◆ Input material:
□ □ □ □ □ □ □
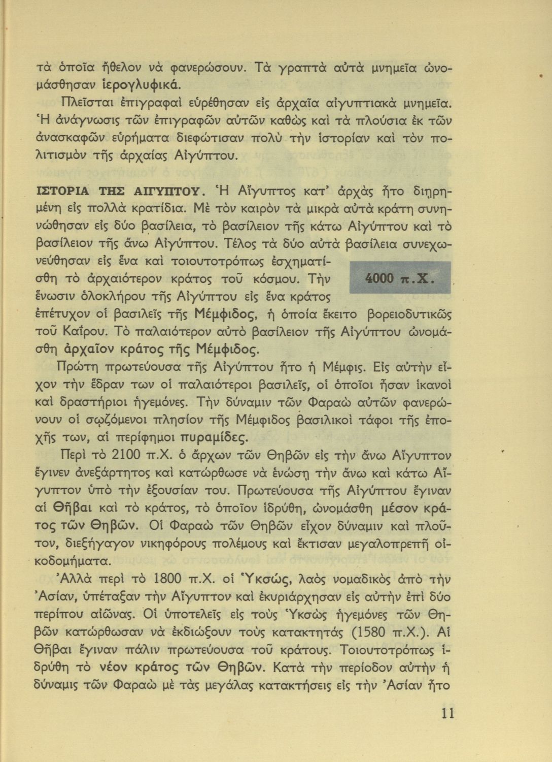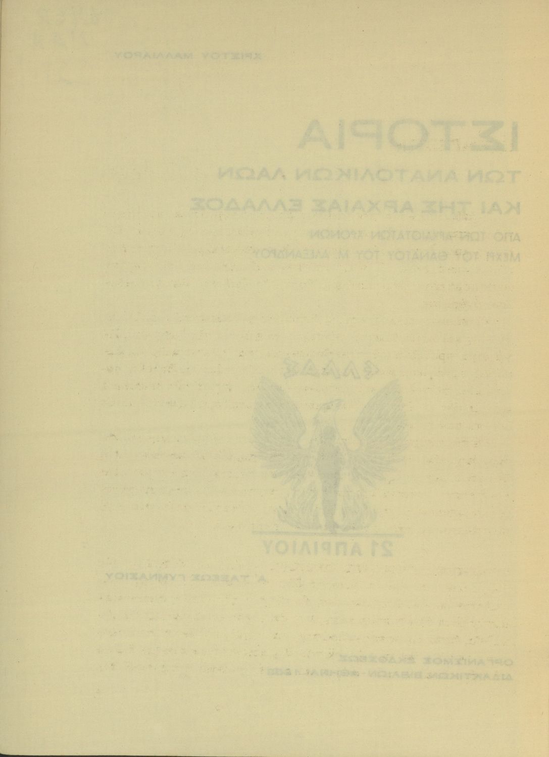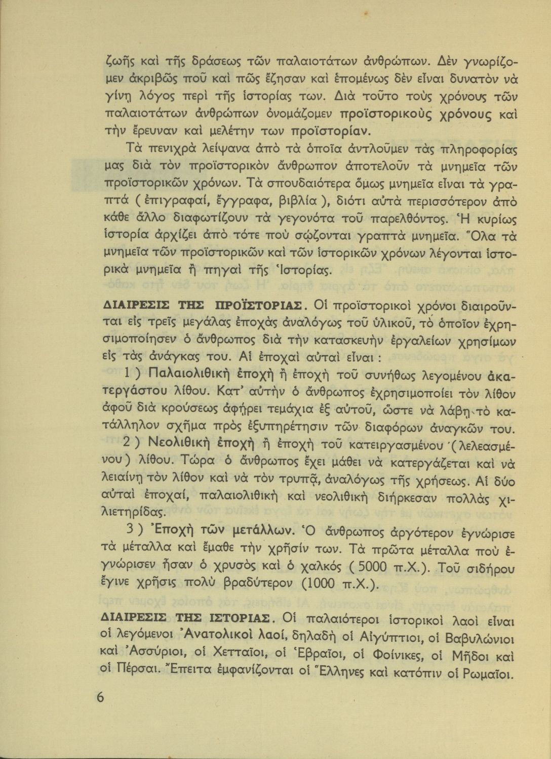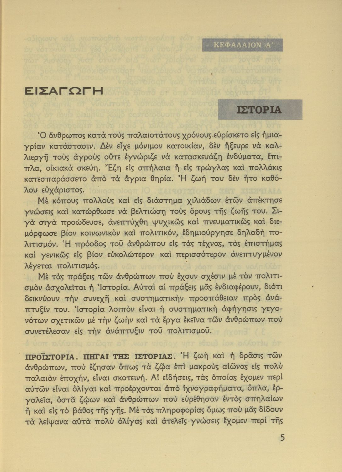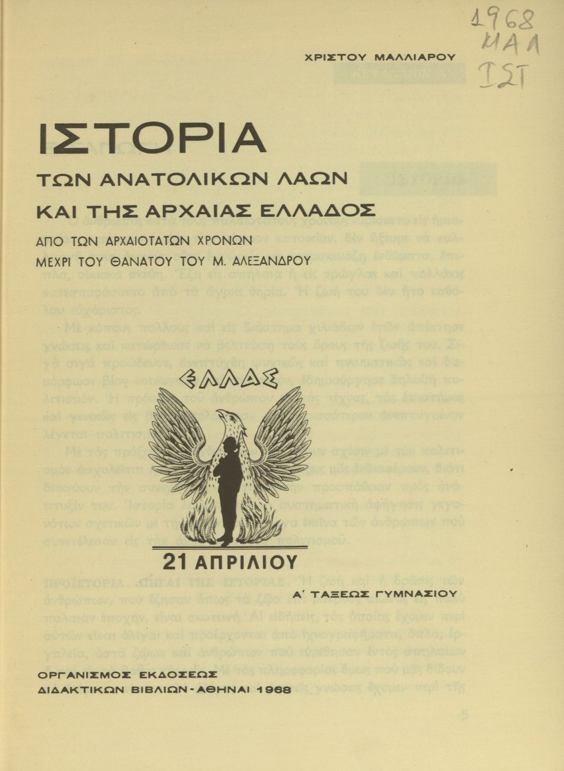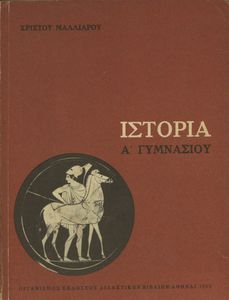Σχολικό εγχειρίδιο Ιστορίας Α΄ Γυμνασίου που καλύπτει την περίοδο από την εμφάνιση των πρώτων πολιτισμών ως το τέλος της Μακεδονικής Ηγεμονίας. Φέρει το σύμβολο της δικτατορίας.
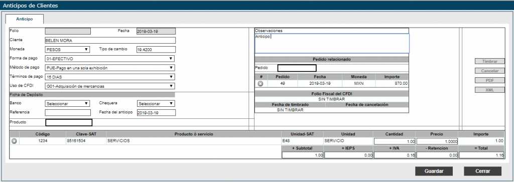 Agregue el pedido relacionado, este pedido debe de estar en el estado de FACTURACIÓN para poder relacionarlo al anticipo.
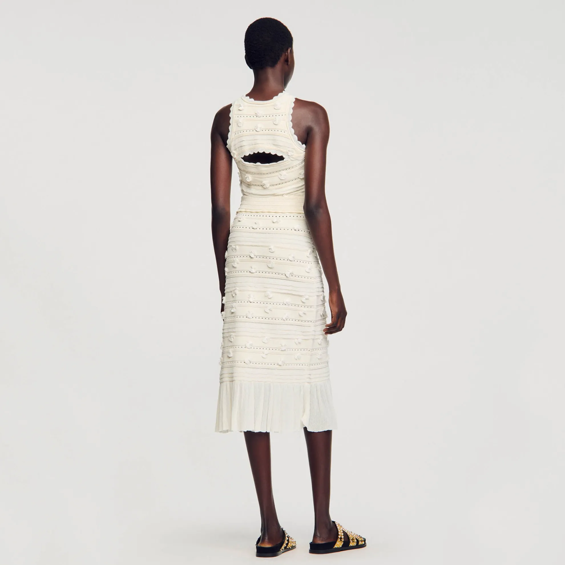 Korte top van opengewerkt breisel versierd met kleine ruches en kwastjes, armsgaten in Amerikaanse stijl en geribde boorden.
□ □ □ □ □ □ □
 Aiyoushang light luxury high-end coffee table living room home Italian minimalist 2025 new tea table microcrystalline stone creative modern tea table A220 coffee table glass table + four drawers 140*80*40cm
□ □ □ □ □ □ □
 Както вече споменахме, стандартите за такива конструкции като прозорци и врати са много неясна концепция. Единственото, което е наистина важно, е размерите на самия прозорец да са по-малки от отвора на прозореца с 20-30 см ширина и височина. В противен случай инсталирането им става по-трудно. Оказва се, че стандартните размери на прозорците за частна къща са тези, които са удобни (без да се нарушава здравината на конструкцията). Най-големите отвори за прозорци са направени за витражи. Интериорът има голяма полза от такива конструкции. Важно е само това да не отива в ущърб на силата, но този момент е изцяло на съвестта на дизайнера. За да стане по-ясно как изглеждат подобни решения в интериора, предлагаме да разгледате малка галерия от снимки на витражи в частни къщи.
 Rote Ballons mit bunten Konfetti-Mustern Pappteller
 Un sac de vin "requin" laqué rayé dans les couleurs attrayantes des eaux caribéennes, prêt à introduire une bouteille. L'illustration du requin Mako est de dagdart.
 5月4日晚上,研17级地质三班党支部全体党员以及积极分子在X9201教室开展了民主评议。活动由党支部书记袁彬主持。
□ □ □ □ □ □ □
◆ Problem to solve: From the data above, retype only the lines starting with the line with "Σχολικό εγχειρίδιο Ιστορίας" and going on through the line with "Korte top van", exactly, leaving out the pictures.

◆ Response to this exercise:
Σχολικό εγχειρίδιο Ιστορίας Α΄ Γυμνασίου που καλύπτει την περίοδο από την εμφάνιση των πρώτων πολιτισμών ως το τέλος της Μακεδονικής Ηγεμονίας. Φέρει το σύμβολο της δικτατορίας.
 Agregue el pedido relacionado, este pedido debe de estar en el estado de FACTURACIÓN para poder relacionarlo al anticipo.
 Korte top van opengewerkt breisel versierd met kleine ruches en kwastjes, armsgaten in Amerikaanse stijl en geribde boorden.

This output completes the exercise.